Exactly and only the lines below from the one containing "A daytime shot" down to the one containing "Спецтехніка переміщує ділянки" are wanted, both included; please exclude every picture.

Material provided -
----------
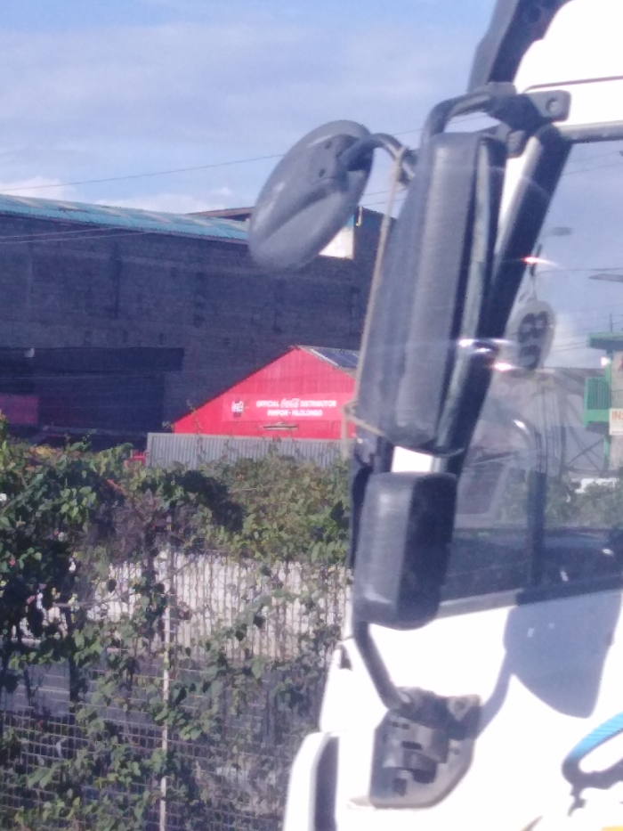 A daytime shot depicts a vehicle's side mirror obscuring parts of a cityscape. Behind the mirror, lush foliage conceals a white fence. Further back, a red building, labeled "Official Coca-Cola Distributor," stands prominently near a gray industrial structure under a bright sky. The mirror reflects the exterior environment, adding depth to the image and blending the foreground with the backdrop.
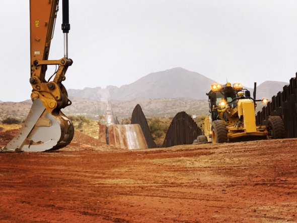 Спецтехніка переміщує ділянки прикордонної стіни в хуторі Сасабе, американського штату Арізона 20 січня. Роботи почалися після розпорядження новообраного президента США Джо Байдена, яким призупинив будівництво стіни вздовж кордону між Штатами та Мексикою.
----------
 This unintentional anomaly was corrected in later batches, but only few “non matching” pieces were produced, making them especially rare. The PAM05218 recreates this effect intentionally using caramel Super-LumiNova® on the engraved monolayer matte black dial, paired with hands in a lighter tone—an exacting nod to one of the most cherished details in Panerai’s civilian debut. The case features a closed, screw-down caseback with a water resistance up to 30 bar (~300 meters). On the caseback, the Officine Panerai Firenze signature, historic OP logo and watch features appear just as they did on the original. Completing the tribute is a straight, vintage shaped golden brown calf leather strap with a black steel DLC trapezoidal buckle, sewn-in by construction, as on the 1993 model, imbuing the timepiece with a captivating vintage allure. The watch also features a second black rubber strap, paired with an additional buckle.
----------
Solution for this task -
 A daytime shot depicts a vehicle's side mirror obscuring parts of a cityscape. Behind the mirror, lush foliage conceals a white fence. Further back, a red building, labeled "Official Coca-Cola Distributor," stands prominently near a gray industrial structure under a bright sky. The mirror reflects the exterior environment, adding depth to the image and blending the foreground with the backdrop.
 Спецтехніка переміщує ділянки прикордонної стіни в хуторі Сасабе, американського штату Арізона 20 січня. Роботи почалися після розпорядження новообраного президента США Джо Байдена, яким призупинив будівництво стіни вздовж кордону між Штатами та Мексикою.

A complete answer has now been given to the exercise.